Don’t write off your siblings just yet. Keep the lines of communication open but maybe reduce them. If your mother is following a common pattern she’ll turn on them in the absence of you.

FarmGirl78 · 30/06/2023 11:37

My brother and his wife (my SiL) have similar issues with her Mother, and her manipulation over their Daughter (her DGD). Every couple of years they'll relent a little, because they feel bad about Christmas etc, and its ok for a couple of months and then the comments and attempts at control start again. This toxic merry-go-round has been turning for about 10 years now. It started before her DGD was even born, when she moved nearer after the wedding. The manipulative moron keeps trying to drag us in as supporters, not realising we know exactly what she's like. She's even started telling safeguarding lies about what her DGD has disclosed about her Daddy in attempt to break up their marriage so she can swoop in and replace Daddy in affections!

@SnapPop your Mum simple won't change so please stay strong, don't crumble and don't doubt yourself, else you'll be putting up with this manipulation for the rest of your life. If she sees ANY sign of you wavering even a little she'll see as a weakness and be in like a shot. Do not let her in. Her manipulation will evolve and ramp up. Marriages are hard enough without a loon like her trying her best to take over.

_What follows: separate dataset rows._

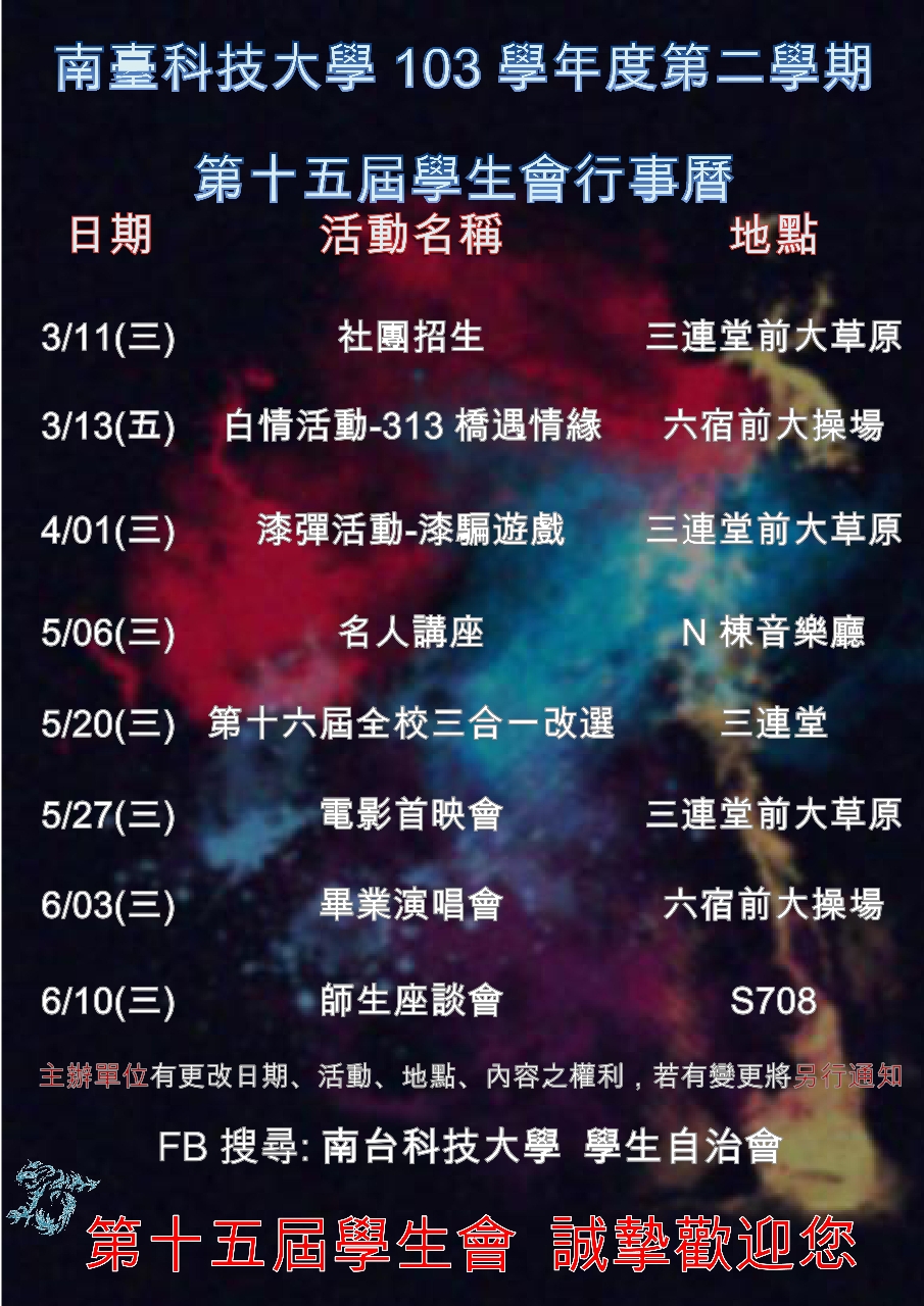 打工或是玩樂之餘也不能錯過下學期的精彩活動!!
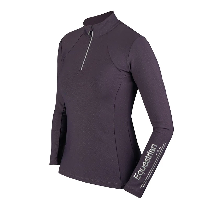 Base layer d’équitation à manches longues classique et magnifiquement conçu dans un tissu extensible confortable de haute qualité. Le matériau du top est respirant et sèche rapidement. La chemise est dotée d’une demi-fermeture éclair sur le devant et d’un petit col montant.
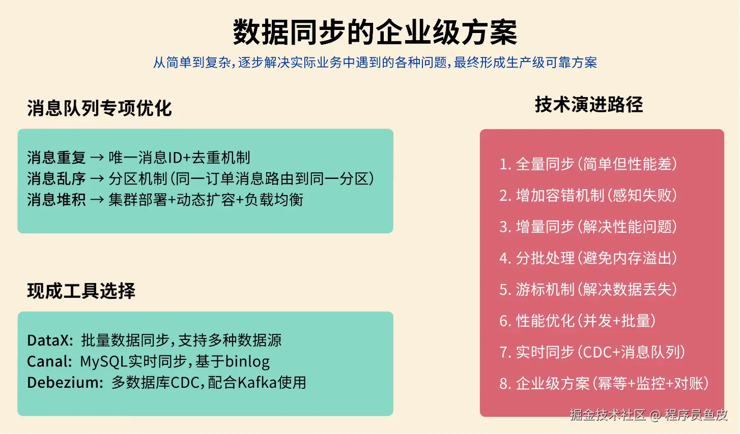 阿坤看着你的代码接着说:“不是哥,做个数据同步要这么麻烦么?DataX、Canal、Debezium,这么多现成的企业级数据同步工具你不用?非要自己写代码?”
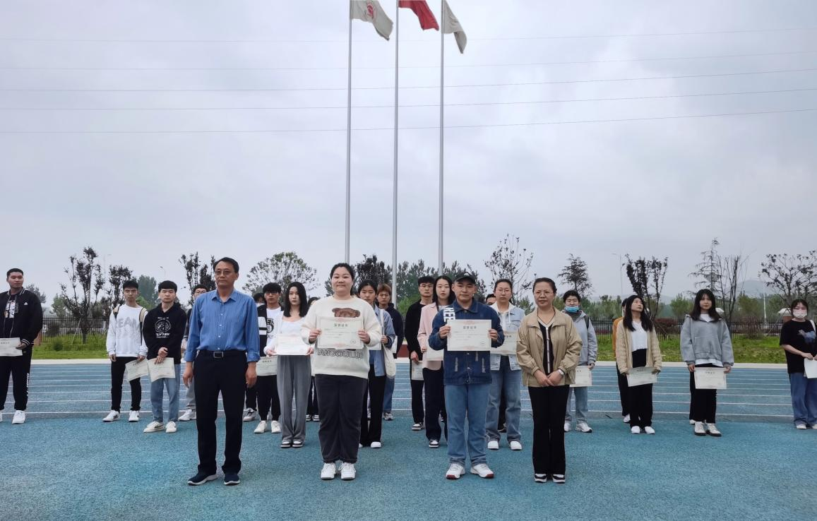 4月25日在庄严的升国旗仪式后,征文比赛的颁奖仪式也隆重进行,员工处处长孙增响,威廉体育经理吴玲,教工党支部书记陈志操、刘路路,学团负责人叶赵强、教学秘书张珊以及辅导员分别为获奖员工颁奖祝贺。
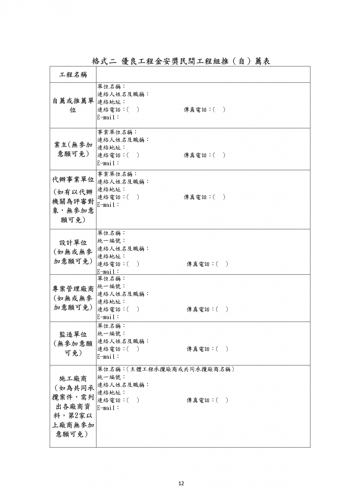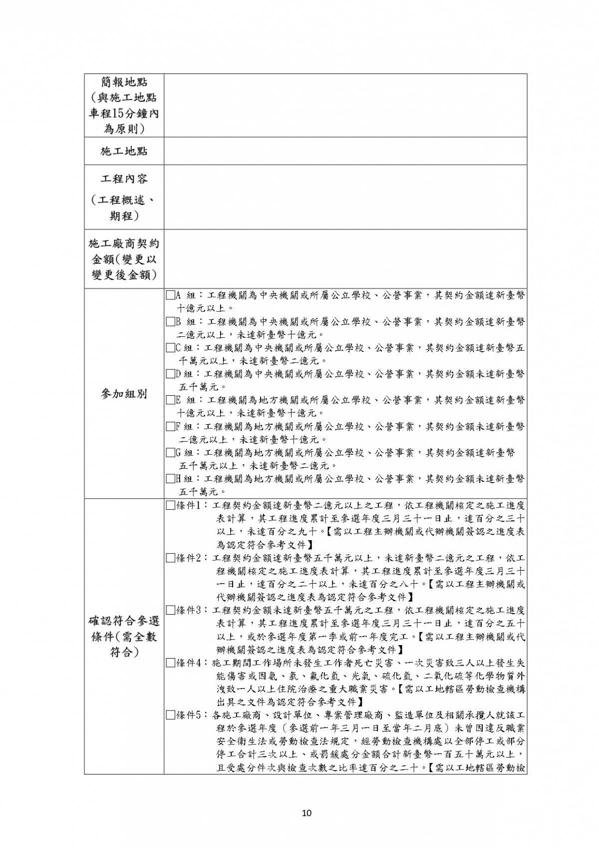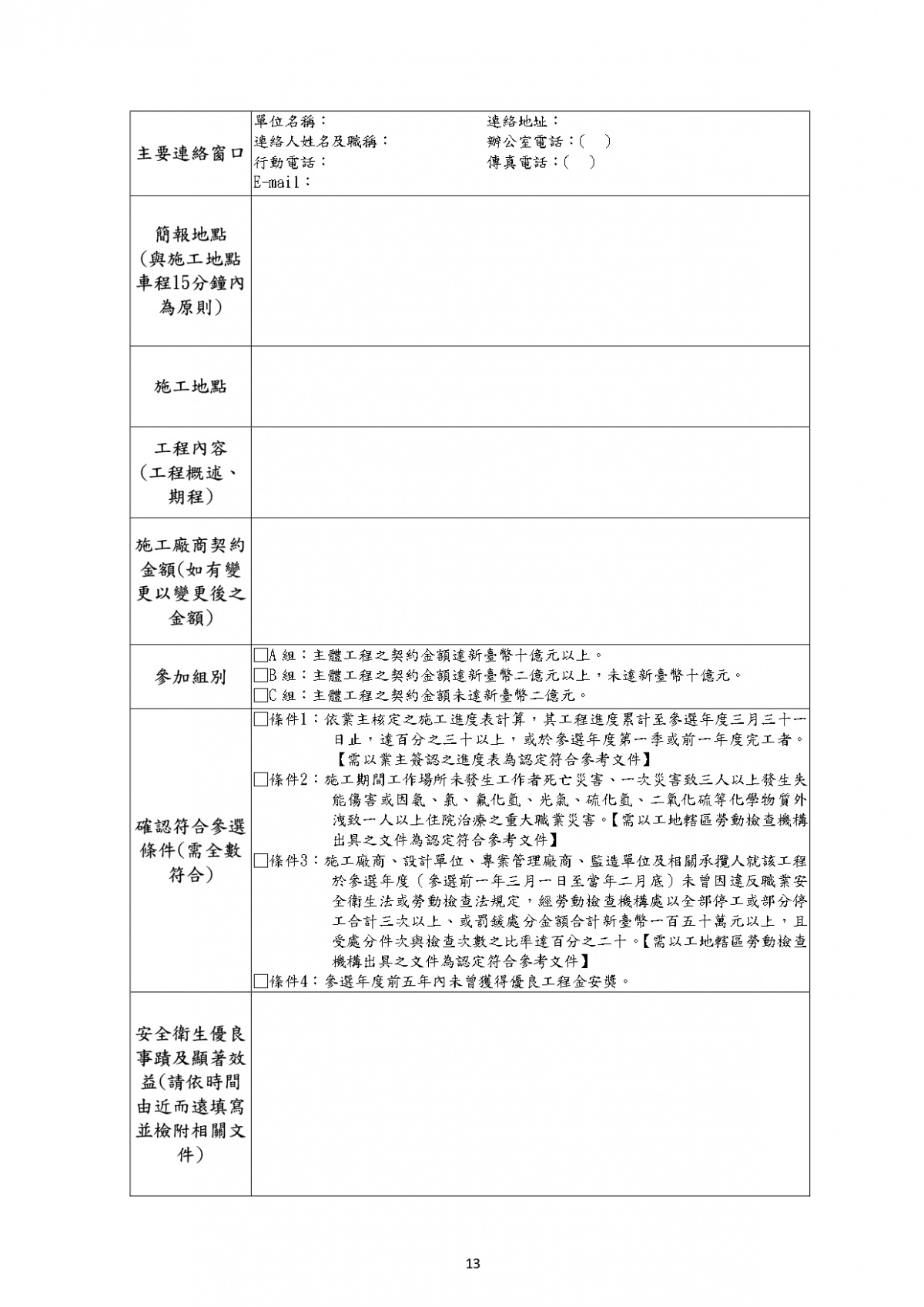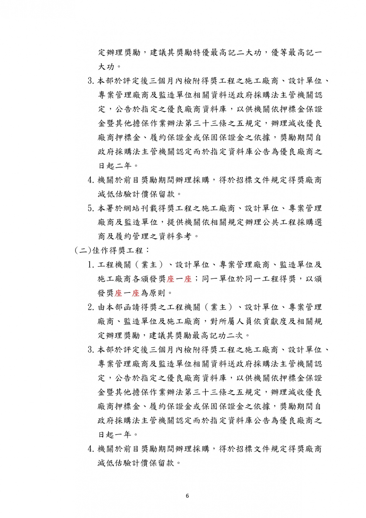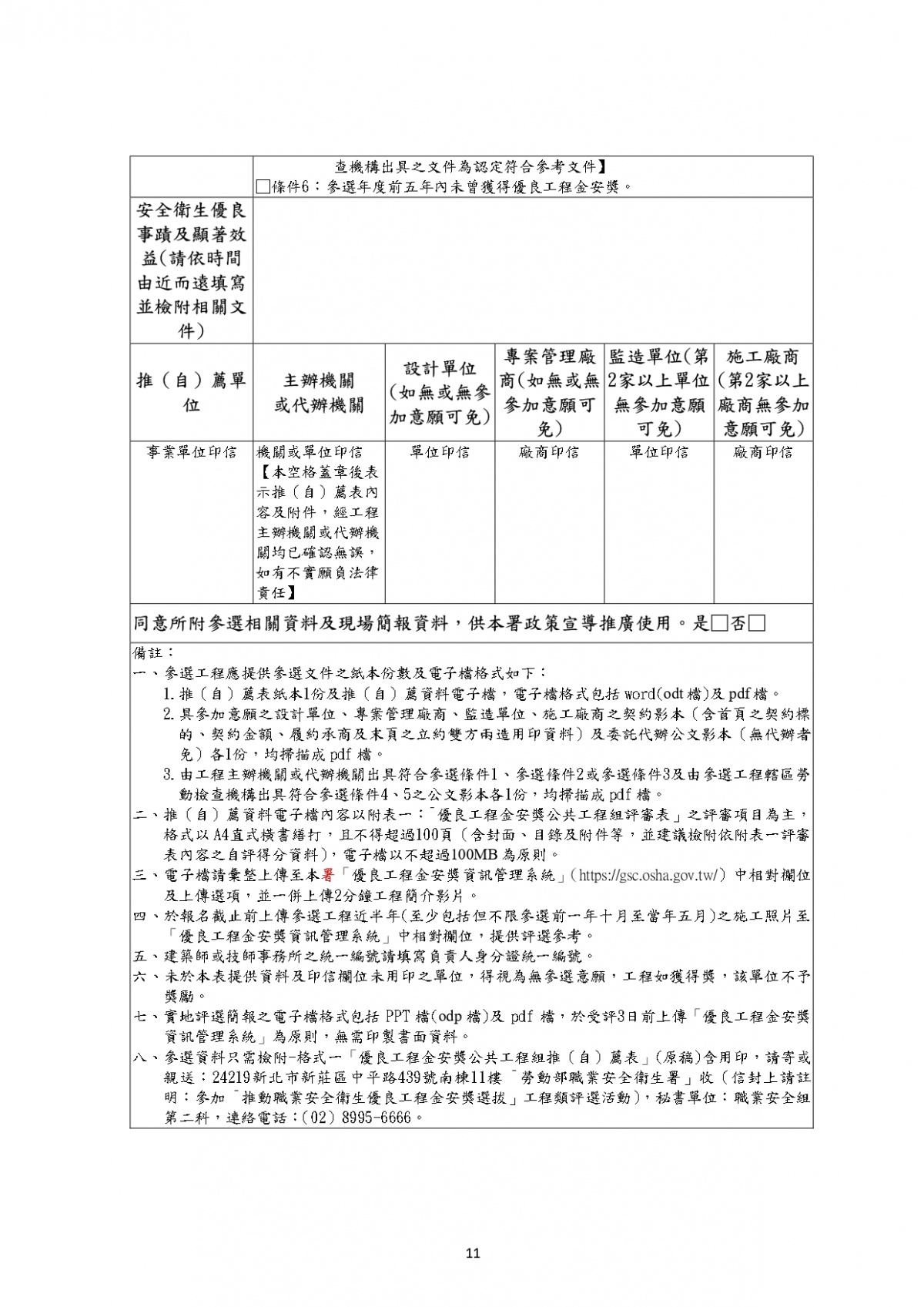 勞動部 修正「推動職業安全衛生優良工程金安獎選拔作業要點」第10點、第13點及第6點格式1、格式2、格式3、第7點附表1、附表2,並自即日生效 2026-03-16 檔案下載 勞動部 115.3.12 勞職授字第1150250504號函 修正「推動職業安全衛生優良工程金安獎選拔作業要點」第10點、第13點及第6點格式1、格式2、格式3、第7點附表1、附表2,並自即日生效。
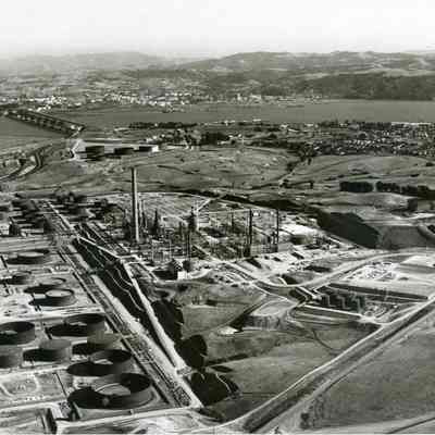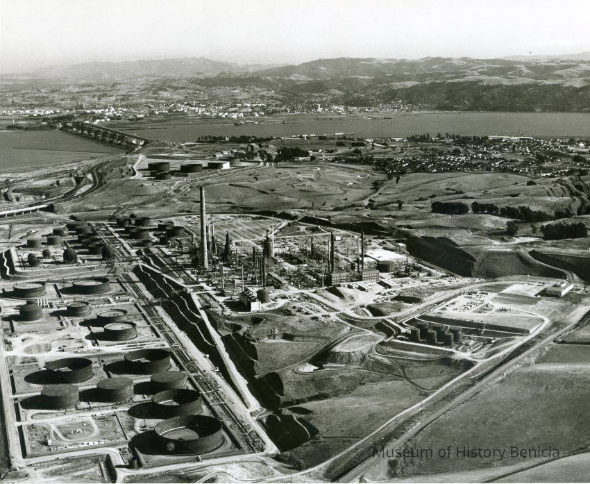looking south east: across top: Shell Oil Refinery, SP Railroad and Benicia/Martinez bridges, City of Martinez, Contra Costa Hills; across just above center: hiway 680, small group of storage tanks, southern area Industrial Park, in-ground bunkers w/access roads, east side residential (Highlands), City of Benicia, Yuba complex is at far right; across center: storage tanks, refining area (towers, pipelines, support structures) tall smoke stack, cranes, administration buildings on East Second Street.Collection

Brother and SiL have very delicately told their Daughter (7) that Nanna doesn't like Daddy that's why she isn't invited to family parties any more. Daughter still sees Nanna (so she doesn't miss out on a relationship) away from family home, but as soon as she's old enough to see what her Mum put up with I'm pretty sure she'll be furious that Nanna treated Mummy so nastily.

Anklespraying · 30/06/2023 12:49

Every couple of years they'll relent a little, because they feel bad about Christmas etc, and its ok for a couple of months and then the comments and attempts at control start again.

Yes, I've been through that cycle several times now and always regret it.
Actually it's usually only a couple of days or hours!

I can't deal with the anxiety before, during and after visiting any more unless there's lots of other people around and it's very short.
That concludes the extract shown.